McLean etal Cont shifts 2008 Fig 1 top1

Figure 1 a-d.  Analysis of real and fictive evoked swimming movements. (a) Consecutive overlapping images of a bout of swimming elicited by a tactile stimulus to the tail (at asterisk). A frame extracted from the montage (gray arrows) shows the regions selected for kinematic analysis at the head (H), midbody (M) and tail (T). Images were captured at 1,000 Hz (images 1–9, every 4 ms; 10–12, 8 ms; 13–14, 16 ms; 15–18, 32 ms). (b) Automated analysis of yaw at three points along the body, from the bout in a. Only the tail showed any noticeable movement at the end of the bout, when swimming was slowest. (c) Plots of head and tail yaw from 12 evoked swimming bouts in 12 larvae. The degree of head and tail yaw decreased as a function of swimming frequency. Open circles are raw data points, whereas closed circles represent means (± s.d.) from data binned at 5-Hz intervals (for example, 15–20, 20–25, etc.). (d) A similar plot for spontaneous bouts of swimming (12 from the same 12 larvae), whose values are comparable to the lower end of evoked swimming frequencies. Only the first episode of the five analyzed in each fish is shown in c and d.

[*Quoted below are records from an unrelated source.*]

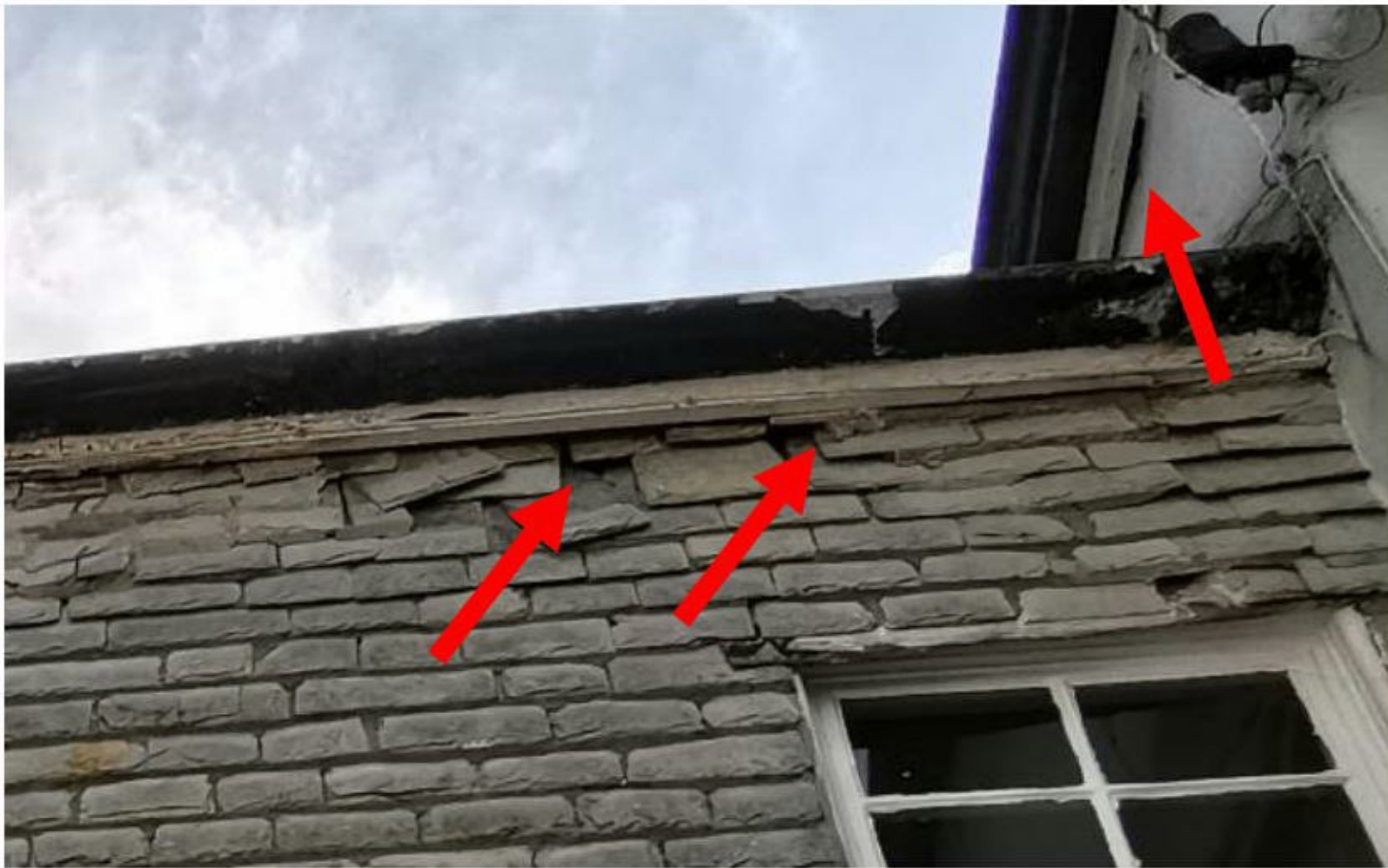
Photo 7. Showing the potential access points and roosting sites on the eastern side of the building

No evidence of the use of the building by roosting bats was found. However, a number of features with the potential to support roosting bats was found and the roof void over the rear extension could not be accessed. These features include a gap behind the fascia on the eastern side of the main section of the house above the extension, which creates potential access to the roof void and potential roosting sites in their own right, and a number of large gaps behind the hanging slates and at the eaves creating potential roosting sites and access points at the eaves which extend up and back into the roof void, see photo 7.
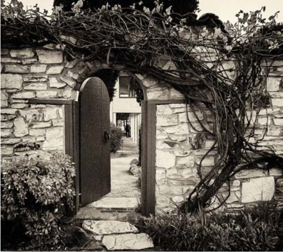
30 - ft19-larkin-as.jpg
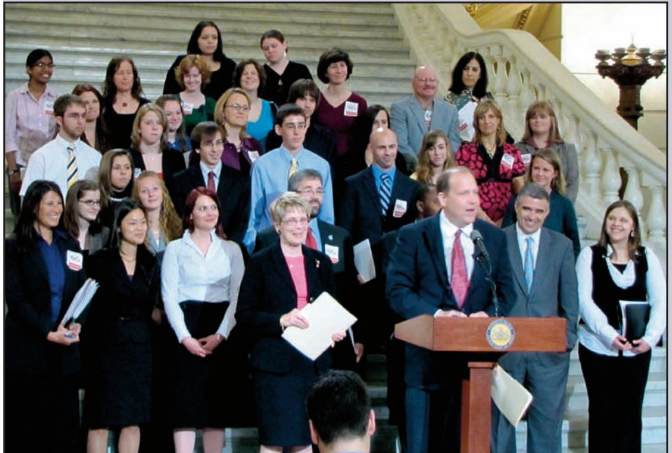
In April, Sen. Leach hosted a bipartisan press conference with Polaris Project to end Human Trafficking.

Leach has worked extensively with the Polaris Project to draft the bill and ensure its passage in the state General Assembly. A representative from Polaris Project said, "Victims of labor trafficking are typically found in domestic servitude, agriculture, nail salons, and even in traveling sales crews selling candy or magazine subscriptions. They face a horrific life in which they are threatened, beaten, raped, starved, locked up, or psychologically tortured. Posting the NHTRC toll free hotline will

Next, Figure 1, Parts e – g. Grading of motor pattern. In these parts of Figure 1, part e shows how fictive swimming was recorded, part f graphs the change in bursts versus swimming frequency, and part g illustrates the increase in longitutinal delay as swimming frequency decreased, i.e., as cycle period increased. The investigators concluded that, “These data indicate that the motor pattern, similar to the movements, can be smoothly graded from fast to slow frequencies.”

McLean etal Cont shifts 2008 Fig 1 top2

Figure 1 e-g. (e) Fictive swimming activity recorded from motor nerves along the same side of the body (4th and 24th muscle cleft on the left side), whose location is illustrated schematically. A brief electrical stimulus (artifact at asterisk) was used to elicit swimming activity. Shaded gray boxes from the start of the burst in the rostral segment to the start of the caudal burst in the same cycle demonstrate the gradual increase in longitudinal delay associated with a smooth decrease in swimming frequency. (f) Plot of motor nerve burst frequency (measured from the tail) with respect to the cycle in a bout, from ten bouts in ten larvae. (g) Plot of longitudinal delay with respect to cycle period, from the same ten bouts as in f.


And now for the attention getting finding. McLean et al. divided the excitatory interneurons into four groups: 1) multipolar commissural descending interneurons (MCoD) cells,2) circumferential descending interneurons (CiD) cells that were silenced at higher swimming speeds, 3) CiDs in the main population in which silencing was not as evident on visual inspection and 4) the most dorsal CiDs, which were displaced from the main population. Figure 8 summarizes the data for their four groups of spinal interneurons. They stated that, “during evoked swimming, the most dorsal groups of CiDs were active initially at the highest frequencies, when more ventral CiDs and the MCoDs were not firing (Fig. 8a,b,f,g). As the frequency slowed, the dorsal neurons went silent and the more ventral CiDs began to fire (Fig. 8k,l). The probability of these ventral CiDs firing dropped at the lowest frequencies, when the MCoDs were engaged (Fig. 8p,q).” [Formatting added for emphasis]

Note, some of the interneurons were not firing, or went silent, or the firing dropped when other interneurons were active. Amazing!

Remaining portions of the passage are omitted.